326 - Creating your profit plan

On today's episode of the podcast I'm sharing how to build a profit plan designed for your business. 

If you haven't already, take our quiz to help determine your best starting point on your legal and tax journey. Head to notavglaw.com/quiz to get your results. 

When I started my business I was operating with a sub-500 credit score and I didn't have the greatest habits with money (still don't always, but I have the knowledge and know-how).I was in a cycle of churn and burn that was further exacerbated when I started making more money in the business. I'm not going to tell you that making more money doesn't help, but if you're not managing it well, what happens is you start spending more money on more expenses. That's why it's really important to stay off the "WTF happened to my money?" hamster wheel and get your profit sorted out sooner rather than later. 

When I was going through this journey I read Profit First and lots of other finance books to piece everything together. During this process I created my Unf*ck Your Biz course and wrote the first edition of my Unf*ck Your Biz book. Fast forward a few years and now we're running Unf*ck Your Biz as a signature 1-on-1 service and I'm seeing more than ever how much of a sticky issue cash flow is for people because no one teaches us these things. How do you pay yourself? Do I need a business bank account? Can I pay a business expense from my personal bank account? What if I'm an LLC instead of a sole proprietor? The list of questions goes on and on. 

I get asked a lot about Profit First and while I may be jealous of the brand recognition, I can't hate on the book too much because it has done a fabulous job of getting people to understand the importance of profit and to pay themselves first. It also gives a simple to follow system. 

The big thing Profit First has you do is open five bank accounts. I did this at one point in time and despite setting it up properly, it wasn't set up right with the bank on the back end and I was getting fined zero balance fees for zero-ing out the accounts as you're supposed to do with the Profit First method. I also found many people going through Profit First only end up implementing about half the system anyway.

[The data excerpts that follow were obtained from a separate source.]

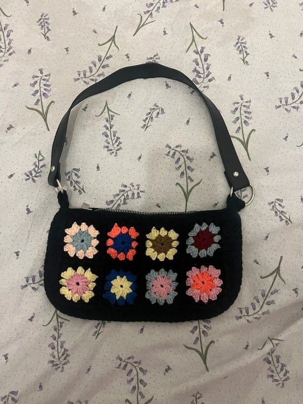 Charming crochet shoulder bag in black with a multi-coloured floral pattern. Ideal for spring/summer occasions.
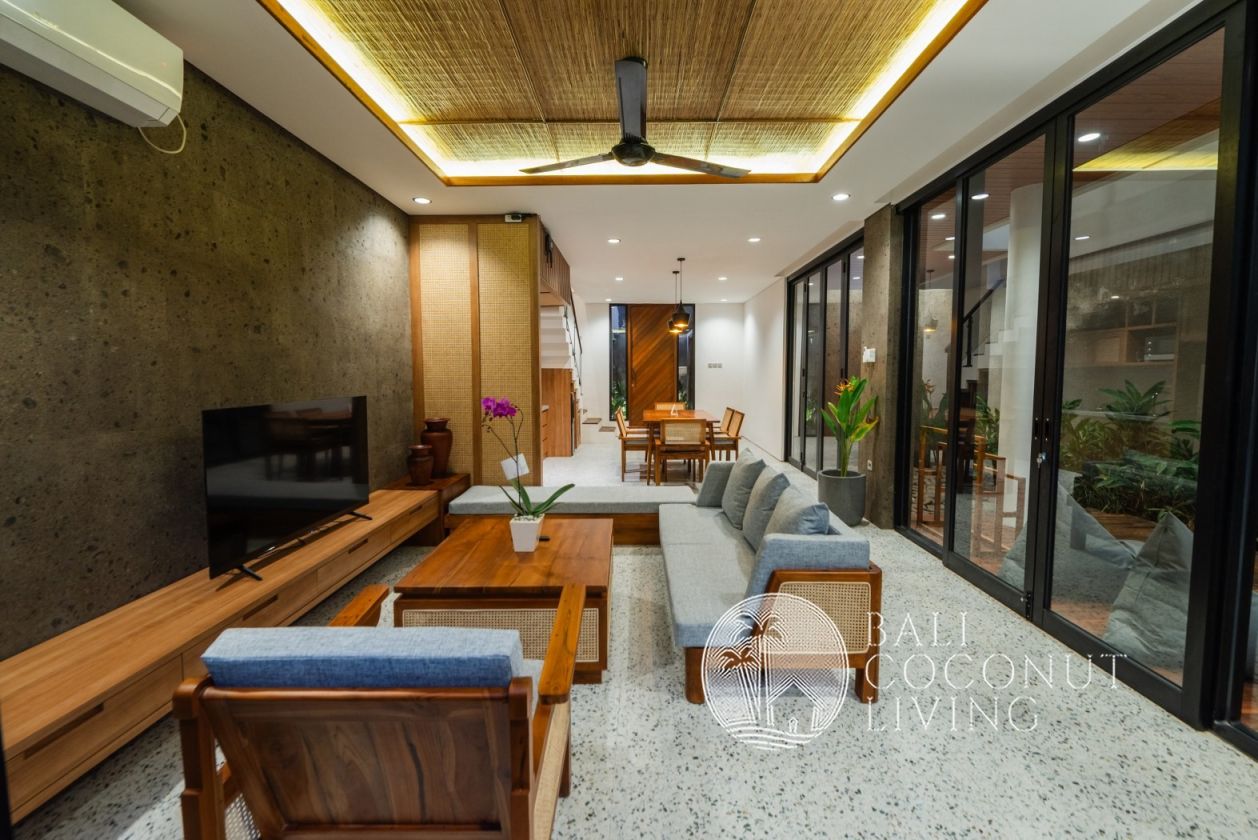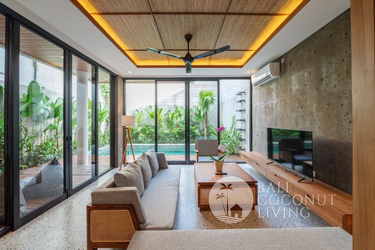 This stylish villa offers the perfect blend of comfort and modern living, located in the peaceful area of Tumbak Bayuh, just minutes away from the vibrant lifestyle of Canggu. Featuring 2 bedrooms with en-suite bathrooms, the villa is designed with a bright and airy layout, seamlessly connecting indoor and outdoor spaces. The enclosed living area opens directly to a private swimming pool with a
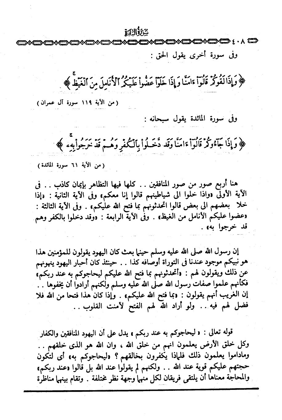 وفي سورة أخرى يقول الحق: {وَإِذَا لَقُوكُمْ قالوا آمَنَّا وَإِذَا خَلَوْاْ عَضُّواْ عَلَيْكُمُ الأنامل مِنَ الغيظ} [آل عمران: 119]
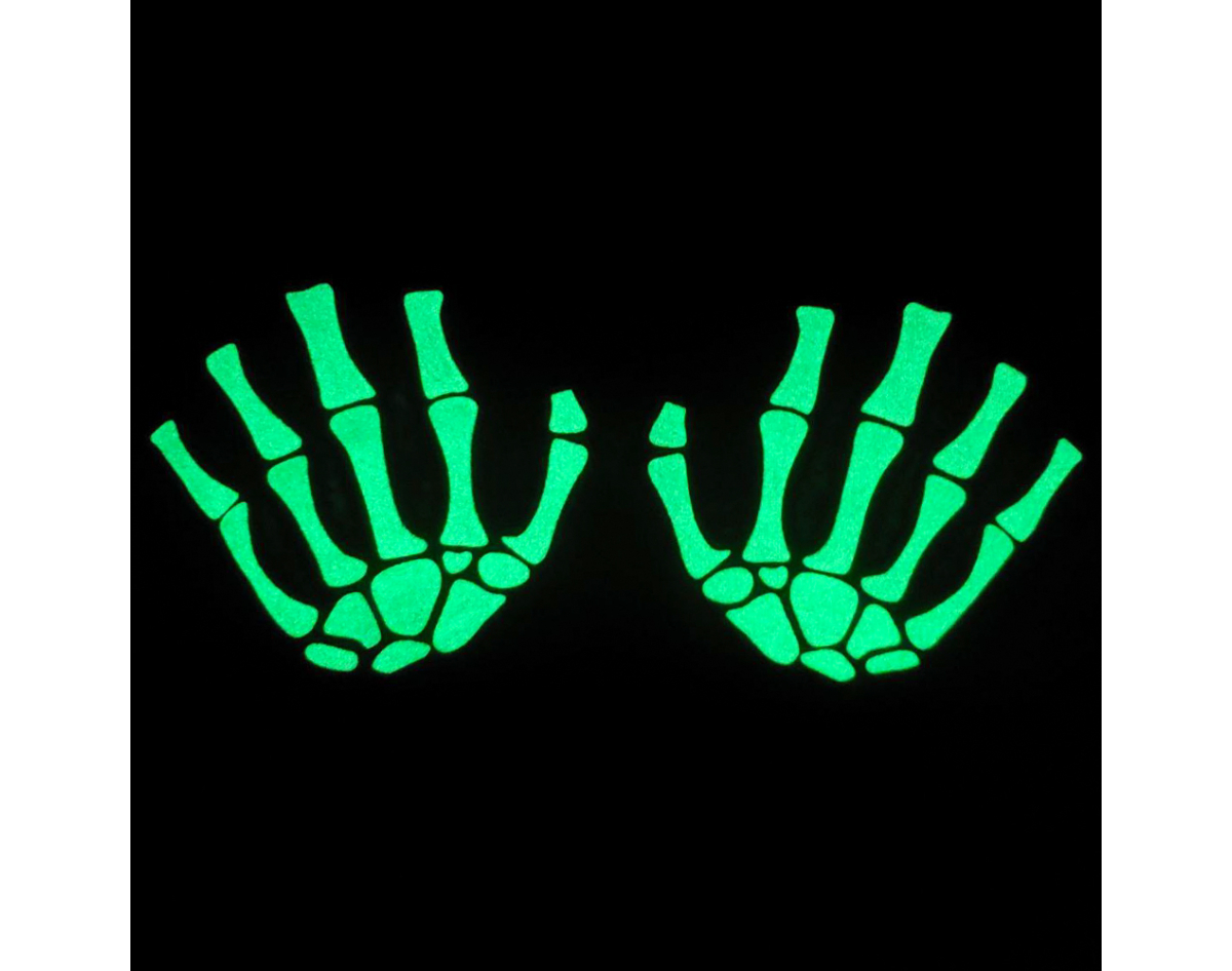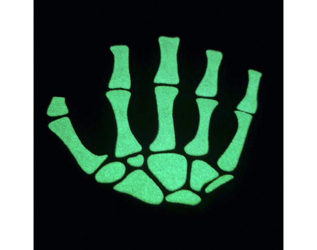 A stylized image is applied to the gloves, which, if held in the light, then glows in the dark.

My biggest issue with Profit First is that while it helps with cash flow issues, it doesn't teach what you're required to do in terms of paying yourself or tax nuances based on tax and business structure. I understand why it doesn't from a legal perspective. As a tax attorney, I'm able to dive into cash flow in my book, which is a big piece of unf*cking your biz, but also dig into the nitty gritty that comes with it. If you're curious about how you should be doing all this, that's what I dive into in Profit Rx. The Profit Rx course dives into parts one, two and six of our Unf*ck Your Biz framework which is covered in the book. You can also work with us to implement the full framework 1-on-1, you can DIY it and use the book, if you just want the legal bits of the framework you can buy our Legally Launched course and if you want the tax, bookkeeping and money aspects you can buy our Profit Rx course. 

To give you a highlight of what's included in the book and what you can get in Profit Rx, let's look at an excerpt from the book in Chapter 18. 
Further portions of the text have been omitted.